Due to the lack of information on the exact process configurations, parameters and applicable assumptions in the early stage of process development, TEA is limited to providing a ballpark estimate of the investment for a hypothetical limonene manufacturing plant. Nonetheless, the TEA conducted at this level offers a useful comparison between different process alternatives. Moreover, it highlights the gap between early-stage research and commercialisation, so that further process research and development could be directed in the most impactful direction.

2. Materials and methods

In this work, the following tasks were performed: conceptual design of 100 m³ batch fermentation processes for potential configuration options based on literature survey and bench-scale experiments; construction of corresponding plant-level models using MATLAB and Aspen Plus®; calculation of capital and production costs, followed by preliminary economic evaluation based on payback time method, to enable selection of a feasible process configuration; calculations of discounted cash flow based on the investment estimate of the project and establishment of minimum limonene selling prices (MLSP) for individual scenarios; and sensitivity analysis to address design uncertainties on the economic performance of the process (Tao et al., 2017).

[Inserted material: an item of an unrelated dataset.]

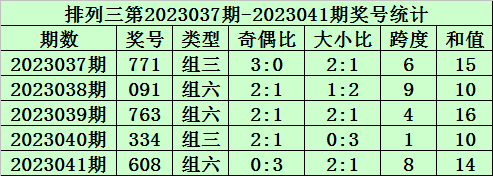 上期归来:陈列三第2023041期开奖号码为608。奖号类型为组六,奇偶比为0:3,大小比为2:1,跨度为8,和值为14。

2.1. Process technology routes and flow diagrams

The inside battery limit (ISBL) limonene manufacturing plant consists of three core unit operations: fermentation, product recovery and purification. For a large-scale industrial microbial fermentation unit capable of producing around 500–1000 tonnes of limonene per year (i.e. roughly 1–2% of the limonene market potential by 2023), a working volume of 100 m³ is assumed (Meyer et al., 2017). Limonene produced during fermentation is constantly removed from culture broth and captured by dodecane (which acts as an absorbent/extractant). Subsequently, limonene can be purified to technical grade (96 wt%) by distillation (Wu and Maravelias, 2018). Note that each batch lasts for 50 h, followed by a 5-hour-long downtime for refilling and discharging the reactor. To eliminate the downtime for continuous operation of downstream processes, the fermentation unit is designed with 11 parallel batch stirred tank bioreactors (STBRs), each with 10 m³ working volume. A new batch is commenced every five hours, so that 10 reactors are in operation at any given time to provide a constant output to downstream units. By employing this setup, we can assume the limonene productivity of the whole fermentation unit to be constant, despite the productivity in individual reactors which will vary as a result of changing cell growth phase, nutrient availability, pH and other factors. From a biorefinery complexity point of view, this one-platform (terpene synthesis from C6 sugar) biorefinery involves one feedstock (sugar crops), one product (limonene) and three processes (aerobic fermentation, generic separation and distillation). Their feature complexity indices are ‘7′ (platform), ‘1′ (feedstock), ‘2′ (product) and ‘1/2/1′ (processes), leading to an overall complexity index of 14 (Jungmeier, 2014).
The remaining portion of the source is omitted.